A few key components of a healthy relationship (based on my experience) are communication, transparency, and trust. Communication is pretty self explanatory. The two parties in the relationship need to talk to each other, share their feelings, and voice their concerns. Transparency is basically a broader term for honesty. People have to be clear about where they stand and what's happening in their lives and the relationship as a whole. This means that one can't try to hide things from their partner and expect everything to be smooth sailing. These two components come together to build our third, and probably most important component, trust.

Without trust, there can't be a relationship. Try as you might, if you don't trust your partner, the relationship will inevitably collapse. So if you can't trust him to be loyal to you, I can tell you right now that it will not end well. It's also something of a self-fulfilling prophecy. If you go into a situation thinking you'll hate it, chances are you'll hate it, simply because your mind is searching for evidence to confirm your prediction. The same can be said for any kind of relationship. You have to go into it open-minded and willing to work out any issues that will arise.

One last thing we need to discuss is your apprehension about your inexperience. We all go into situations blind the first time. It's all about being able to learn and grow. Don't let fear block you from a potentially great thing. If you have reasons to be wary, then take them into account, but you must figure out where this apprehension stems from.

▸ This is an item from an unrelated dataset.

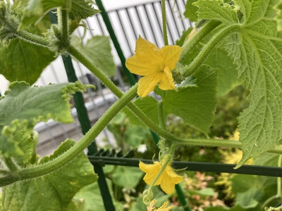 きゅうりとピーマンがうまく育って収穫が始まりました。天気の良い日に外気浴と収穫を楽しんでいます。先週までのきゅうりは地面に近くて曲がっていましたが、最近はつるがうまく添え木にまきついて、まっすぐなきゅうりができるようになりました。

I will say this. Going to separate universities can be trying. Long distance relationships are not for everyone. If you two can both handle it, then by all means try, but if that is just too much, then I would certainly take that into account when thinking this over.

In the end, the decision is up to you. I can't tell you, "Yes! You should totally date him!" or, "No, leave it where it is." I can only direct your thoughts and guide the decision-making process. I can tell you though, that if you feel that you can't trust him to be loyal, then the relationship is already doomed to fail. On the contrary, if you can let it go and trust him without taking his past grievances into it, then there may be a chance. Ultimately, this is your choice. Remember, there is no right or wrong answer here. What do you think the best route for you is, considering all these factors and where you are in life?